I`am lucky to received this complete except the outside light spots and one half
of the king size cones plate - but it`s not a great problem....I made it out of
some old bunch of plastic parts from old building kits.

Next building: 1 old Plasticville Drive in Hamburger Stand.....received it as a wreck...only the box is mint, walls broken, base plate is for trash
 
but it`s also a nice building like the freeze drive in :thumbsup:


----------



## TX Street Racer (May 8, 2004)

Wow, that is a nice building...... I've got several cool buildings just waiting to be displayed on a layout..... *sigh*.....just need someone with a moving truck and $$$ to come pick up the rest of my toy collection ....so I can build my damn slot car layout already!!!! :freak: :lol:


----------



## satellite1 (Jan 9, 2004)

TX Street Racer said:


> Wow, that is a nice building...... I've got several cool buildings just waiting to be displayed on a layout..... *sigh*.....just need someone with a moving truck and $$$ to come pick up the rest of my toy collection ....so I can build my damn slot car layout already!!!!
> 
> 
> Hi TX,
> ...


----------



## Dixie Larsen (Oct 2, 2013)

*HO Scale Buildings for Sale*

Hi. I found this hobbytalk.com site when researching details about my Freezee Ice Cream Drive-in model (discussed in the string, below). I have 12 HO-scale buildings, including the Freezee Drive-in, that I would like to sell at a good price. Contact me for details and pictures. See the list of available items, below. Many could date back to the '70's.

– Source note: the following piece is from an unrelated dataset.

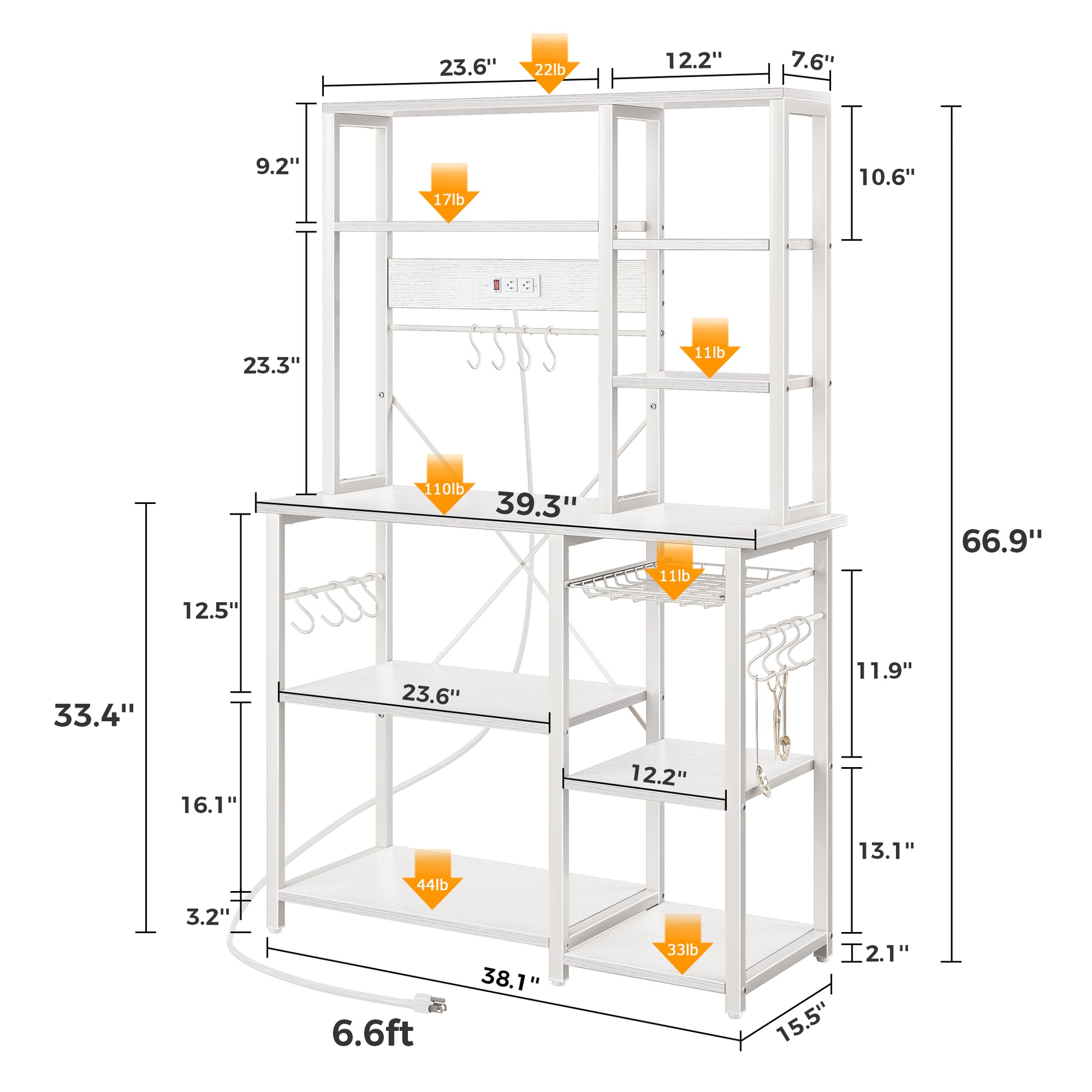 SUPERJARE Large Bakers Rack with Power Outlets, 6-Tier Microwave Stand, Coffee Bar with 12 S-Shaped Hooks, Kitchen Shelf with Wire Basket, 39.3 x 15.5 x 66.9 Inches, White
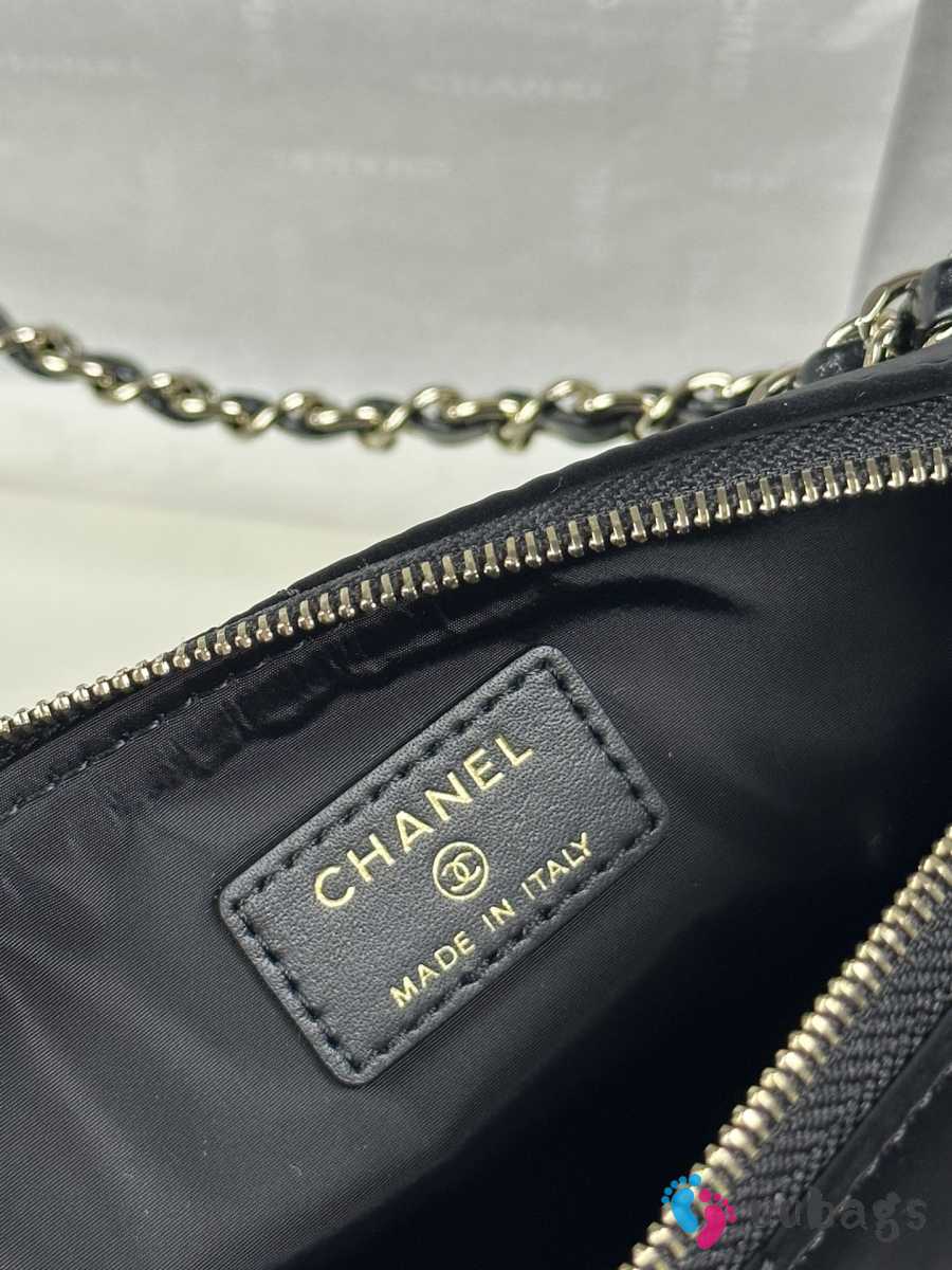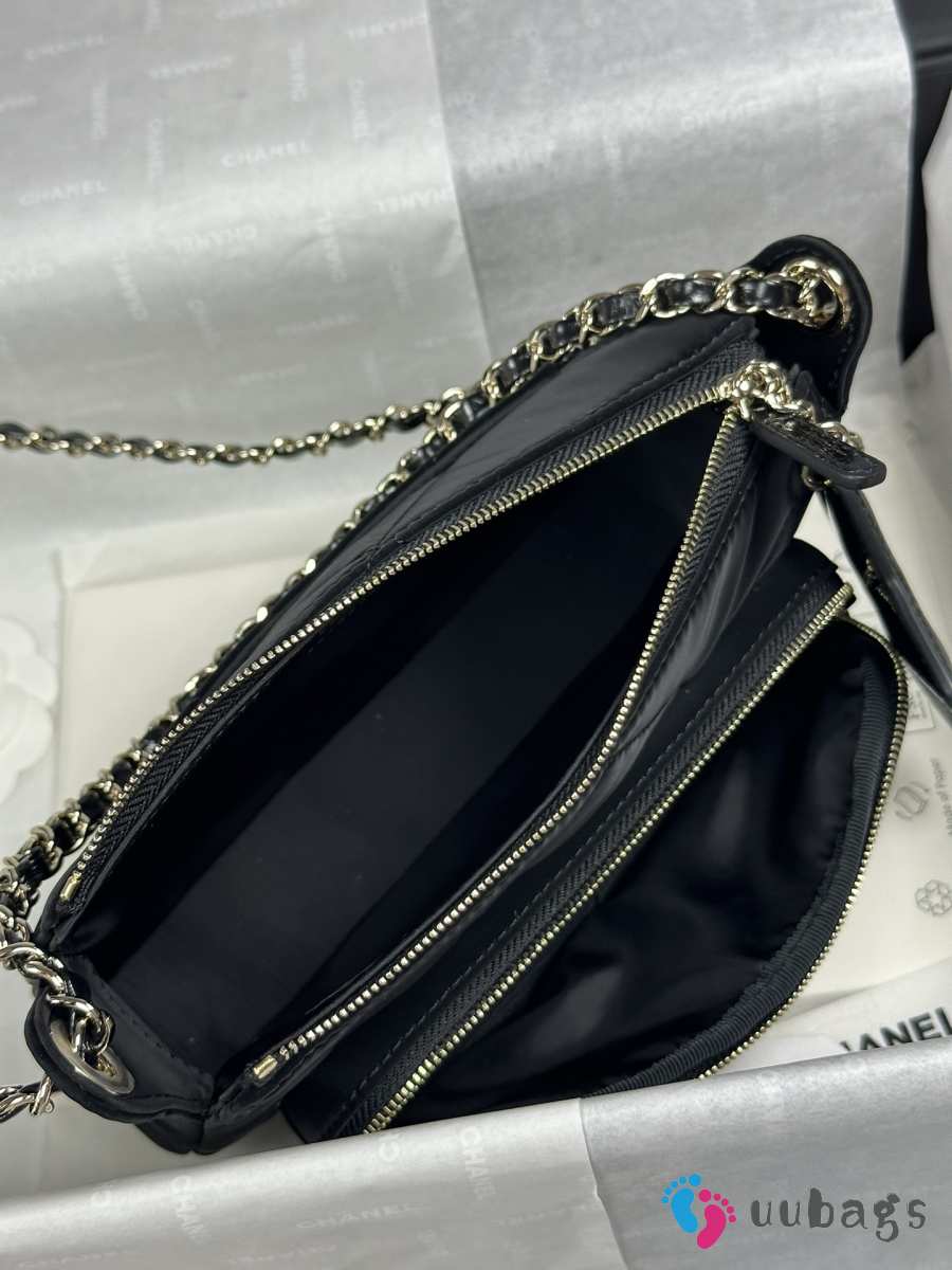 Uubags Chanel Clutch With Chain Velvet-Effect Nylon, Shiny Crumpled Calfskin & Gold-Tone Metal In Black 15x21x7.5cm

HO-scale Uncle Joe's Barber Shop - A.H.M Masterpiece Series 5738
HO-scale Water Tower- A.H.M Masterpiece 5836
HO-scale Operating Piggyback Loader and Unloader Depot - with Union 
Pacific Trailer - Tyco #903
HO-scale Freight Unloading Boxcar - Tyco 930
HO-scale Freeze Ice Cream Drive In; Buildems Model S-359
HO-scale Pedestrian Bridge - Bachmann 2672
HO-scale Steam Whistle in Billboard - Tyco 934
HO-scale Suburban Station - Plasticville 2806 
HO-scale New Car Showroom - Bachmann 2907
HO-scale Cape Cod House - Bachmann 2631
HO-scale Highway Miniatures - Jordan Products 360-221
HO-scale Barnyard & Animals Landscape - Bachmann 2554


----------



## alpink (Aug 22, 2010)

pics, pics, we want pics


----------



## slotcarman12078 (Oct 3, 2008)

Okay, here's the deal... To post pix you need 5 posts.. That's easy enough.. When you're ready, post them in swap and sell, which is where the selling is supposed to take place. I would also suggest having prices in mind, and note whether you want to sell as a lot or individually. It looks like you have some cool stuff there, so you might just find some buyers.. We really are a visual bunch though, so try to get the pictures!! Oh, and photobucket is free, and has a much higher picture limit..


----------



## NTxSlotCars (May 27, 2008)

Dixie,
Are you in Sunnyvale, TX? That's like ten minutes away...


----------